# 5 Month Old Puppy Adoption, Pros and Cons



## DeltaAlpha

Hi,
We’re looking at adopting a 5 month old puppy. The Puppy has been raise with mom and 3 other of its litter mates. The puppy has all shots except rabies and has received several worm treatments. The puppy is already crate trained.

The breeder states the pups have a great temperament. The pedigree also shows consistent herding titles. 

I’m going to the breeder’s home tomorrow to visit with the puppies. 

5 months old seems like a good option as some of the foundations have already been set for a successful addition to our family.
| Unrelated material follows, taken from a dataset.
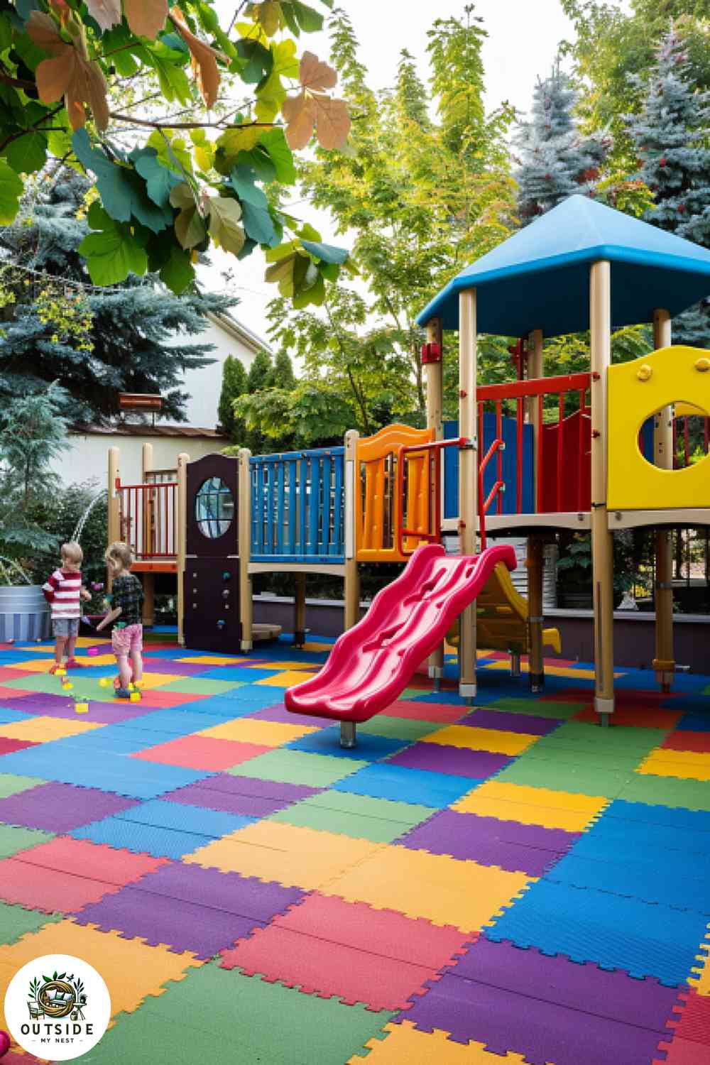Turn your outdoor space into a fun and safe play area with interlocking patio tiles. These DIY-friendly tiles come in vibrant colors and are made from a safe rubber material, perfect for an afternoon of play. Plus, they’re easy to install and maintain, making them a great choice for busy families.

However, I’m concerned that I may have lost out on bonding opportunities and general personal development with the pup by not being present since week 8.
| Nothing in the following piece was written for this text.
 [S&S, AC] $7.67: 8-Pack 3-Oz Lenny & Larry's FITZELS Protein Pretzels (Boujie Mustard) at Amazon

* Is there anything in general I should be observing with the puppies once I go to the breeders?

* Generally, what’s the pros and cons of adopting a 5 month vs 2 month old puppy? 

Thanks for your time,
Jay


----------



## Rerun

You won't have lost out on any bonding, dogs of all ages bond to people. Regarding the foundation being set - this is true if they've worked with the puppy as an individual but if the puppy has been living with mom and littermates all this time and not going out alone for socialization and training, you will be a few steps behind. 

Carefully observe the pup with and without littermates and mom. Ensure that the puppy isn't fearful. Should be confident and bold, otherwise you will have your work cut out for you in helping the pup gain confidence.


----------



## Emoore

I'd like to know why the breeder still has them at 5 months? 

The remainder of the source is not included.